Provided data =>

[Start of section]

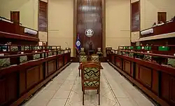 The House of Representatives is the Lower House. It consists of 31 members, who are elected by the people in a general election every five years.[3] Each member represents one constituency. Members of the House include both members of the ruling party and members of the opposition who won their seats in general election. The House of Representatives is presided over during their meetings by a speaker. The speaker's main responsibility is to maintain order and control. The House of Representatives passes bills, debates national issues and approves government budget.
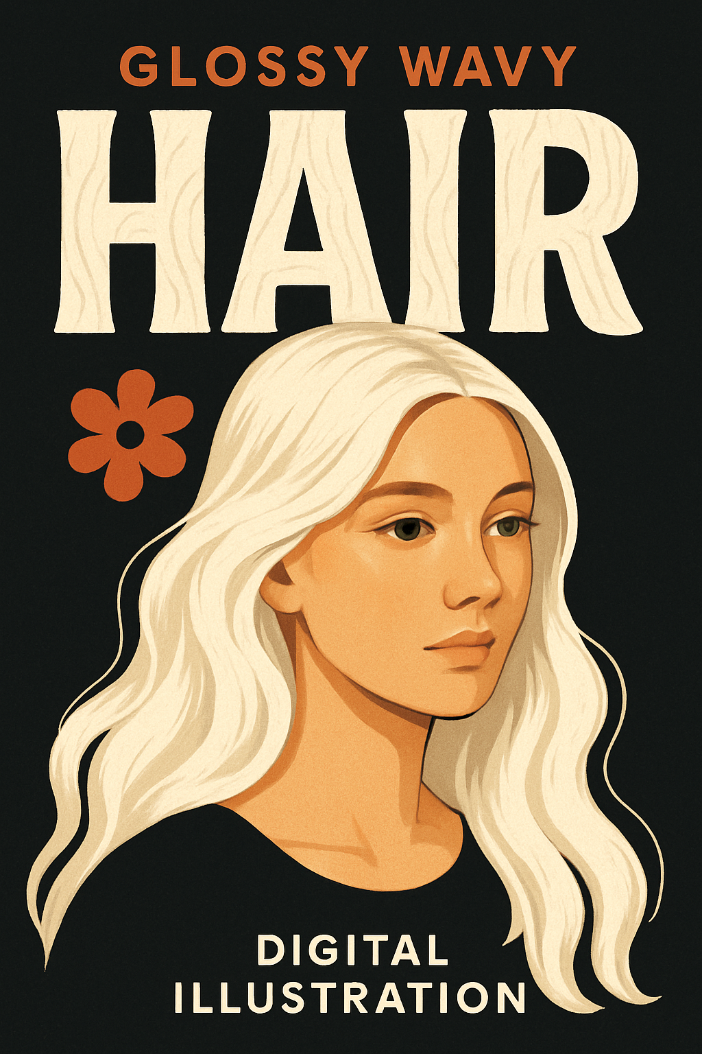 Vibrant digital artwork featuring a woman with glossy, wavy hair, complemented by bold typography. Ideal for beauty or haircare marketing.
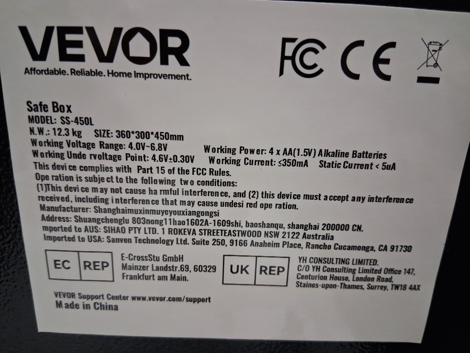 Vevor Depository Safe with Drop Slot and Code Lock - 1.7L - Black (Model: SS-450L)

[End of section]
[Start of section]

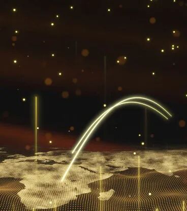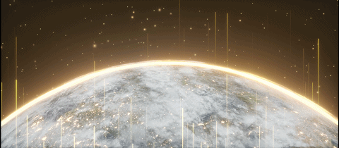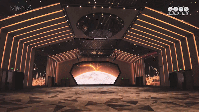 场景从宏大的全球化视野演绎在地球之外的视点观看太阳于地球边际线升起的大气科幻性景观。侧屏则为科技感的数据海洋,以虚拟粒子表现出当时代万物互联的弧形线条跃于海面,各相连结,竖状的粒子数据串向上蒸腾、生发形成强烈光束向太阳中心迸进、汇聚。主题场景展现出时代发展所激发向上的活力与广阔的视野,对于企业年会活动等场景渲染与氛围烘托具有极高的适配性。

[End of section]

Your task => Copy exactly the part of the material above that opens with the line containing "The House of Representatives is the" and closes with the line containing "Vevor Depository Safe", ends included. Drop the images.

Finished task =>
 The House of Representatives is the Lower House. It consists of 31 members, who are elected by the people in a general election every five years.[3] Each member represents one constituency. Members of the House include both members of the ruling party and members of the opposition who won their seats in general election. The House of Representatives is presided over during their meetings by a speaker. The speaker's main responsibility is to maintain order and control. The House of Representatives passes bills, debates national issues and approves government budget.
 Vibrant digital artwork featuring a woman with glossy, wavy hair, complemented by bold typography. Ideal for beauty or haircare marketing.
 Vevor Depository Safe with Drop Slot and Code Lock - 1.7L - Black (Model: SS-450L)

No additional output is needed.